Edge state inner products and real-space entanglement spectrum of trial quantum Hall states

TL;DR

This paper establishes a universal bulk/edge correspondence for fractional quantum Hall trial states, linking edge state inner products to bulk conformal field theory correlators and analyzing the entanglement spectrum using boundary CFT techniques.

Contribution

It provides a general framework for computing edge state inner products and entanglement spectra of FQHE trial wavefunctions using boundary conformal field theory, demonstrating their universality and local structure.

Findings

Inner products of edge states equal bulk CFT correlators in the thermodynamic limit.

Entanglement Hamiltonian is shown to be local along the bipartition cut.

Universal behavior of entanglement spectrum derived from boundary CFT analysis.

Abstract

We consider the trial wavefunctions for the Fractional Quantum Hall Effect (FQHE) that are given by conformal blocks, and construct their associated edge excited states in full generality. The inner products between these edge states are computed in the thermodynamic limit, assuming generalized screening (i.e. short-range correlations only) inside the quantum Hall droplet, and using the language of boundary conformal field theory (boundary CFT).
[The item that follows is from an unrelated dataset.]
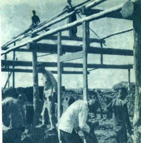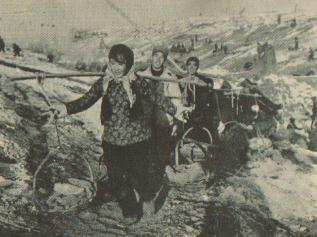 “夫妻双双来工地,来往穿梭快似飞,看谁担的多又快,互相竞赛比高低。”讷谟尔河发源于小兴安岭的山口,从东向西顺流而下,流入嫩江。全县人民在党的领导下,要将讷谟尔河大搬家,把河水引上高山灌溉农田。他们要在平地开凿长达634里的“山上卫星运河”。是黑龙江省已经动工兴建的最长运河之一。这条运河起于北安县境内的突泥浅,流经克山县北部,横贯讷河县境内八个公社,最后流入依安县乌裕尔河。(1959年)

These inner products take universal values in this limit: they are equal to the corresponding inner products in the bulk 2d chiral CFT which underlies the trial wavefunction. This is a bulk/edge correspondence; it shows the equality between equal-time correlators along the edge and the correlators of the bulk CFT up to a Wick rotation. This approach is then used to analyze the entanglement spectrum (ES) of the ground state obtained with a bipartition A\cupB in real-space. Starting from our universal result for inner products in the thermodynamic limit, we tackle corrections to scaling using standard field-theoretic and renormalization group arguments. We prove that generalized screening implies that the entanglement Hamiltonian H_E = - log {\rho}_A is isospectral to an operator that is local along the cut between A and B. We also show that a similar analysis can be carried out for particle partition. We discuss the close analogy between the formalism of trial wavefunctions given by conformal blocks and Tensor Product States, for which results analogous to ours have appeared recently. Finally, the edge theory and entanglement spectrum of px + ipy paired superfluids are treated in a similar fashion in the appendix.